## What you will do
Return the data that follows exactly as it appears. Pictures do not belong in the copy.
── Given material ──
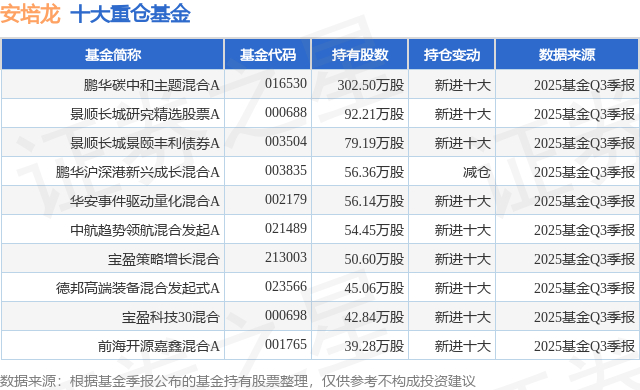 重仓安培龙的前十大公募基金请见下表:
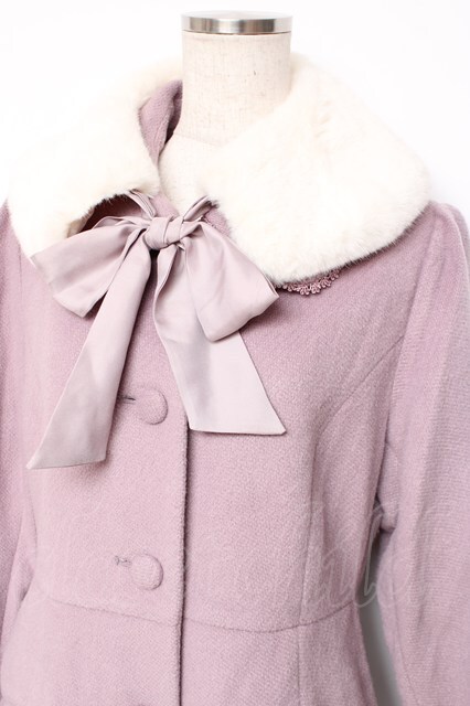 axes femme POETIQUE / 裾レースデザインコート ピンク Y-25-12-13-127-AX-CO-SZ-ZY
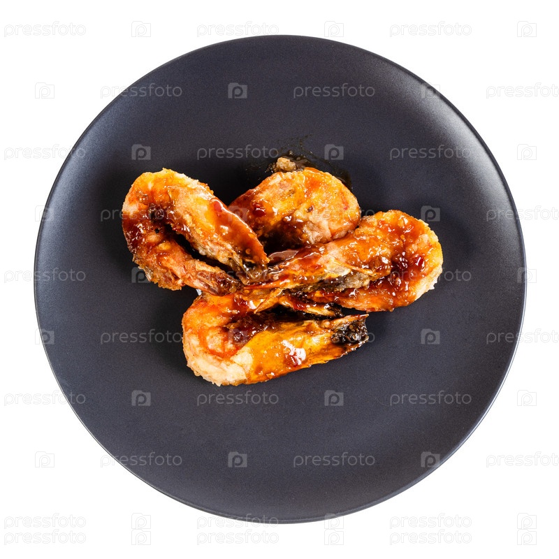 Вид сверху на жареные тигровые креветки на черной тарелке
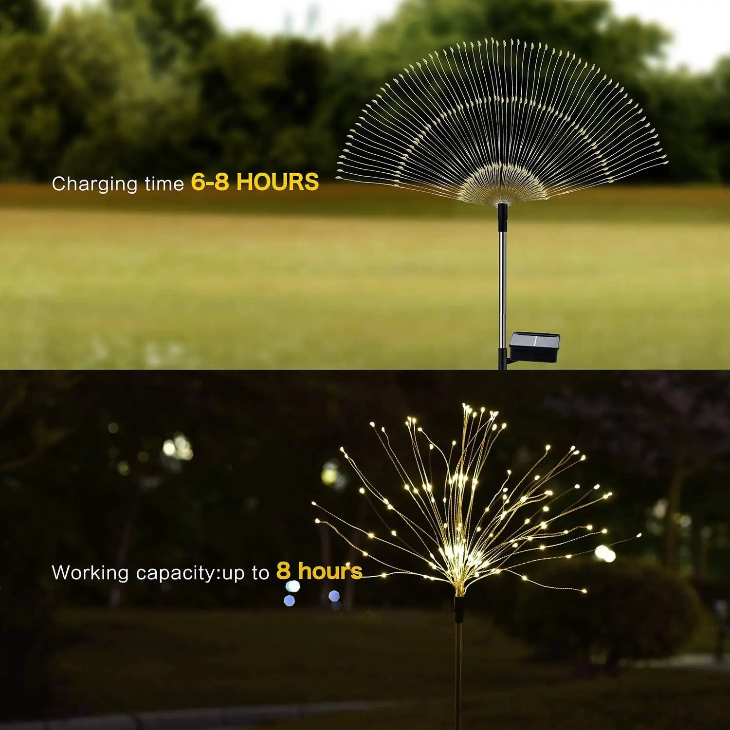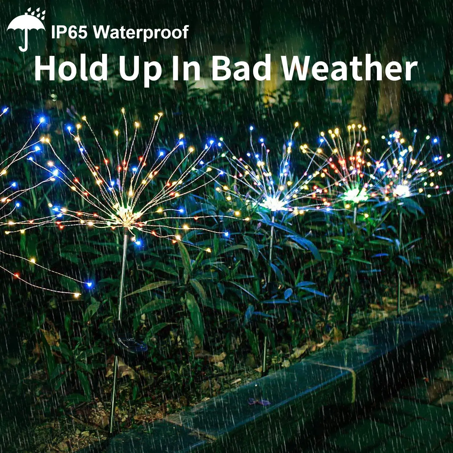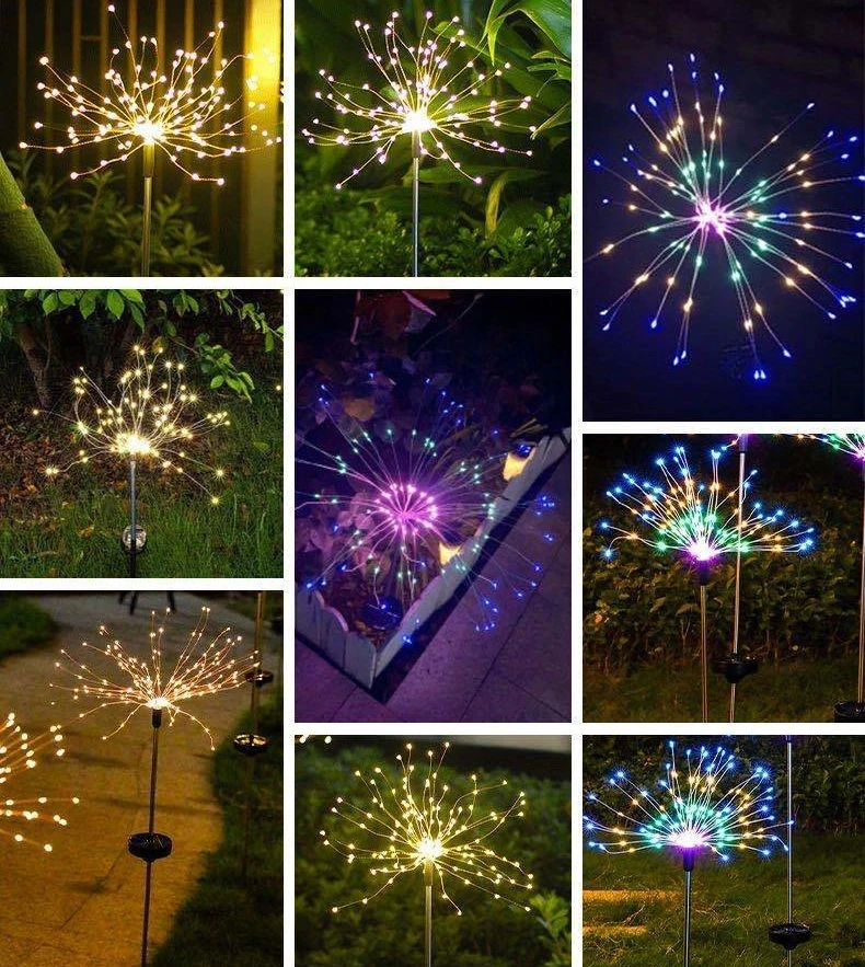 ✔ Energy efficient outdoor waterproof light: Firework Lights are IP67 waterproof. No pollution cold light source with low-energy consumption, won't overheat. The Solar means you don't need tons of outlet in rooms and you can put it anywhere you need. All parts of this string lights are waterproof. They can work excellently even on rainy days. Ideal ornament for outdoor. And it is safe and will not heat after a long time use.
───
## Response area
 重仓安培龙的前十大公募基金请见下表:
 axes femme POETIQUE / 裾レースデザインコート ピンク Y-25-12-13-127-AX-CO-SZ-ZY
 Вид сверху на жареные тигровые креветки на черной тарелке
 ✔ Energy efficient outdoor waterproof light: Firework Lights are IP67 waterproof. No pollution cold light source with low-energy consumption, won't overheat. The Solar means you don't need tons of outlet in rooms and you can put it anywhere you need. All parts of this string lights are waterproof. They can work excellently even on rainy days. Ideal ornament for outdoor. And it is safe and will not heat after a long time use.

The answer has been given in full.